▶ _About this exercise_
Below this task are records; return each one exactly and omit its images.

▶ _Supplied records_
= Beginning of Section =
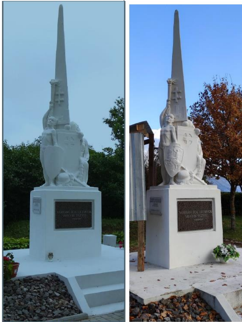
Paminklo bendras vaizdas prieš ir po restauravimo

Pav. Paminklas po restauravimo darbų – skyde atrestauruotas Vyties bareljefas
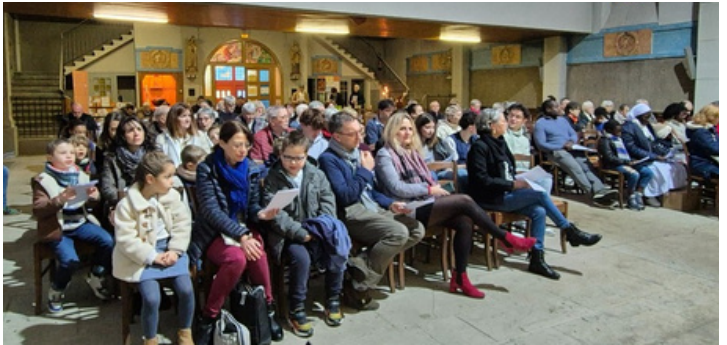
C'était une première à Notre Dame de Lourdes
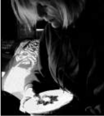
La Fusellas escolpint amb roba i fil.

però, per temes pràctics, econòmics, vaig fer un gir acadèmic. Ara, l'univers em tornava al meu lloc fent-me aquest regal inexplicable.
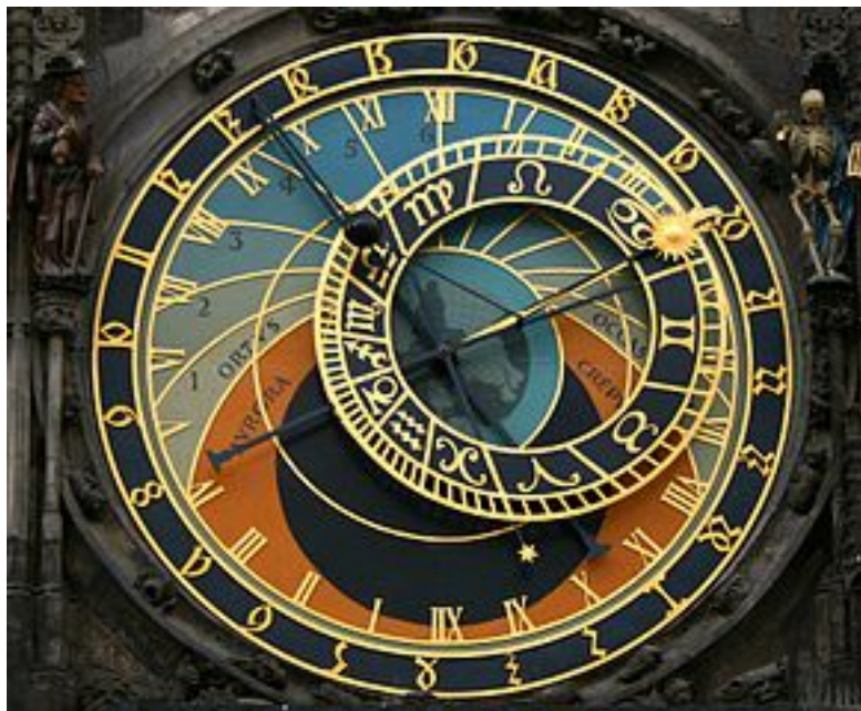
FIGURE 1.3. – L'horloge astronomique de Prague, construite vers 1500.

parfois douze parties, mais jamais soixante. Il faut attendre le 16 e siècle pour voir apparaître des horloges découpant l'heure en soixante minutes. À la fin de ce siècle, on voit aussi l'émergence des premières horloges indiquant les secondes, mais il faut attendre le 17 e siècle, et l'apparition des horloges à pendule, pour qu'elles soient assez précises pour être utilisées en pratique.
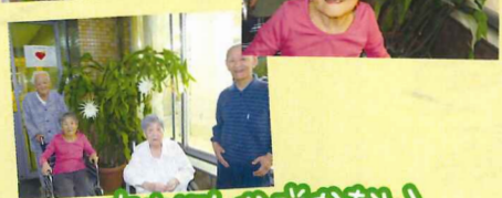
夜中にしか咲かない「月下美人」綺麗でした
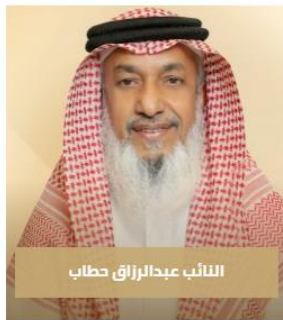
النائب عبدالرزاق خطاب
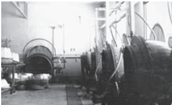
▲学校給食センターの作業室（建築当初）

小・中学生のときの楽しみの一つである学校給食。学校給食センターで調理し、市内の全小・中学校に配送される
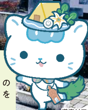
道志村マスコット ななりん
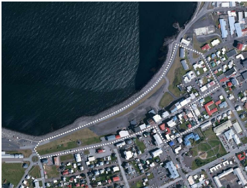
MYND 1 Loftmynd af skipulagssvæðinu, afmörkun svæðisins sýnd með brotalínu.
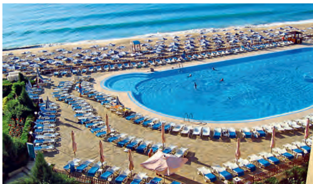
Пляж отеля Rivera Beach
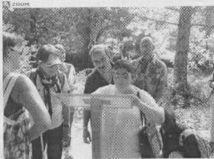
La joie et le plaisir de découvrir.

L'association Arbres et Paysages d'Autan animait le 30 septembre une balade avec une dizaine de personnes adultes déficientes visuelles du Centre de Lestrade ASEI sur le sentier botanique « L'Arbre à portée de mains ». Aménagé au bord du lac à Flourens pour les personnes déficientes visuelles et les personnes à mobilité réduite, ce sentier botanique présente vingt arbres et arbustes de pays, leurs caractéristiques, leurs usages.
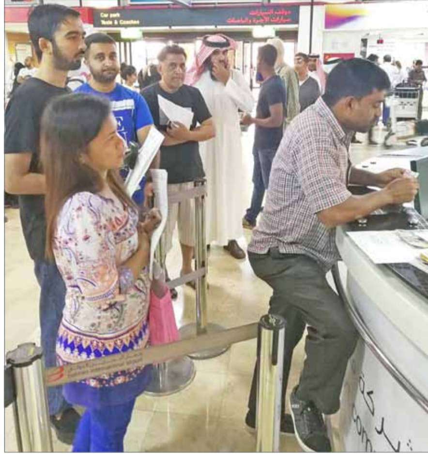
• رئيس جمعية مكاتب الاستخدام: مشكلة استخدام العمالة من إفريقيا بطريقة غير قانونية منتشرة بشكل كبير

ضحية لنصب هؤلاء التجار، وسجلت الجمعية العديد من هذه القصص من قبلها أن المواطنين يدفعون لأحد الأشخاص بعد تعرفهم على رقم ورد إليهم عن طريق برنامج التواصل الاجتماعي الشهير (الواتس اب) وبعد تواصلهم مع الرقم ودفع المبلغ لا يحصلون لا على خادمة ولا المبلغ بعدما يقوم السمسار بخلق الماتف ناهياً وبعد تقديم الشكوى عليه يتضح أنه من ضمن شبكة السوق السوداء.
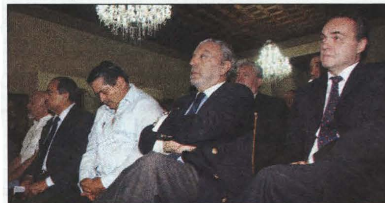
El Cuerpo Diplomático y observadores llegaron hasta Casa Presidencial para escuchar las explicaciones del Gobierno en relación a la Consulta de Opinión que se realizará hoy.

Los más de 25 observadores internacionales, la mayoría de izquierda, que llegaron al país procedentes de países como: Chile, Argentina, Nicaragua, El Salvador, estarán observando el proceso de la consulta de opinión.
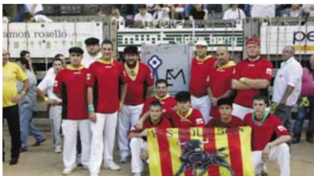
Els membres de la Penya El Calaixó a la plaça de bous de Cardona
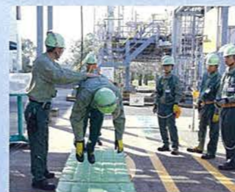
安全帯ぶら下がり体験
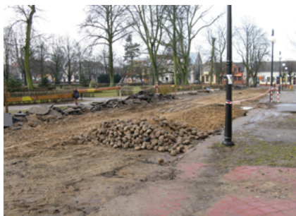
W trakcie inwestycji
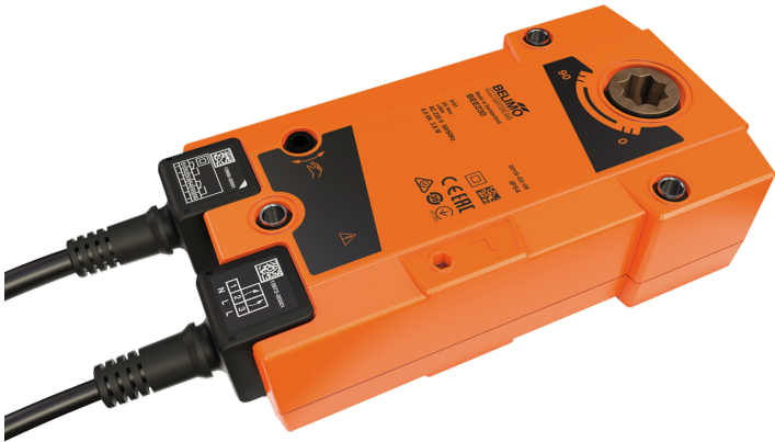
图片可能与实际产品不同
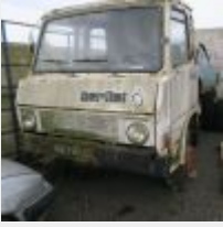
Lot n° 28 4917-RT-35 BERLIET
= End of Section =
▶ _Exercise result_
Paminklo bendras vaizdas prieš ir po restauravimo

Pav. Paminklas po restauravimo darbų – skyde atrestauruotas Vyties bareljefas
C'était une première à Notre Dame de Lourdes
La Fusellas escolpint amb roba i fil.

però, per temes pràctics, econòmics, vaig fer un gir acadèmic. Ara, l'univers em tornava al meu lloc fent-me aquest regal inexplicable.
FIGURE 1.3. – L'horloge astronomique de Prague, construite vers 1500.

parfois douze parties, mais jamais soixante. Il faut attendre le 16 e siècle pour voir apparaître des horloges découpant l'heure en soixante minutes. À la fin de ce siècle, on voit aussi l'émergence des premières horloges indiquant les secondes, mais il faut attendre le 17 e siècle, et l'apparition des horloges à pendule, pour qu'elles soient assez précises pour être utilisées en pratique.
夜中にしか咲かない「月下美人」綺麗でした
النائب عبدالرزاق خطاب
▲学校給食センターの作業室（建築当初）

小・中学生のときの楽しみの一つである学校給食。学校給食センターで調理し、市内の全小・中学校に配送される
道志村マスコット ななりん
MYND 1 Loftmynd af skipulagssvæðinu, afmörkun svæðisins sýnd með brotalínu.
Пляж отеля Rivera Beach
La joie et le plaisir de découvrir.

L'association Arbres et Paysages d'Autan animait le 30 septembre une balade avec une dizaine de personnes adultes déficientes visuelles du Centre de Lestrade ASEI sur le sentier botanique « L'Arbre à portée de mains ». Aménagé au bord du lac à Flourens pour les personnes déficientes visuelles et les personnes à mobilité réduite, ce sentier botanique présente vingt arbres et arbustes de pays, leurs caractéristiques, leurs usages.
• رئيس جمعية مكاتب الاستخدام: مشكلة استخدام العمالة من إفريقيا بطريقة غير قانونية منتشرة بشكل كبير

ضحية لنصب هؤلاء التجار، وسجلت الجمعية العديد من هذه القصص من قبلها أن المواطنين يدفعون لأحد الأشخاص بعد تعرفهم على رقم ورد إليهم عن طريق برنامج التواصل الاجتماعي الشهير (الواتس اب) وبعد تواصلهم مع الرقم ودفع المبلغ لا يحصلون لا على خادمة ولا المبلغ بعدما يقوم السمسار بخلق الماتف ناهياً وبعد تقديم الشكوى عليه يتضح أنه من ضمن شبكة السوق السوداء.
El Cuerpo Diplomático y observadores llegaron hasta Casa Presidencial para escuchar las explicaciones del Gobierno en relación a la Consulta de Opinión que se realizará hoy.

Los más de 25 observadores internacionales, la mayoría de izquierda, que llegaron al país procedentes de países como: Chile, Argentina, Nicaragua, El Salvador, estarán observando el proceso de la consulta de opinión.
Els membres de la Penya El Calaixó a la plaça de bous de Cardona
安全帯ぶら下がり体験
W trakcie inwestycji
图片可能与实际产品不同
Lot n° 28 4917-RT-35 BERLIET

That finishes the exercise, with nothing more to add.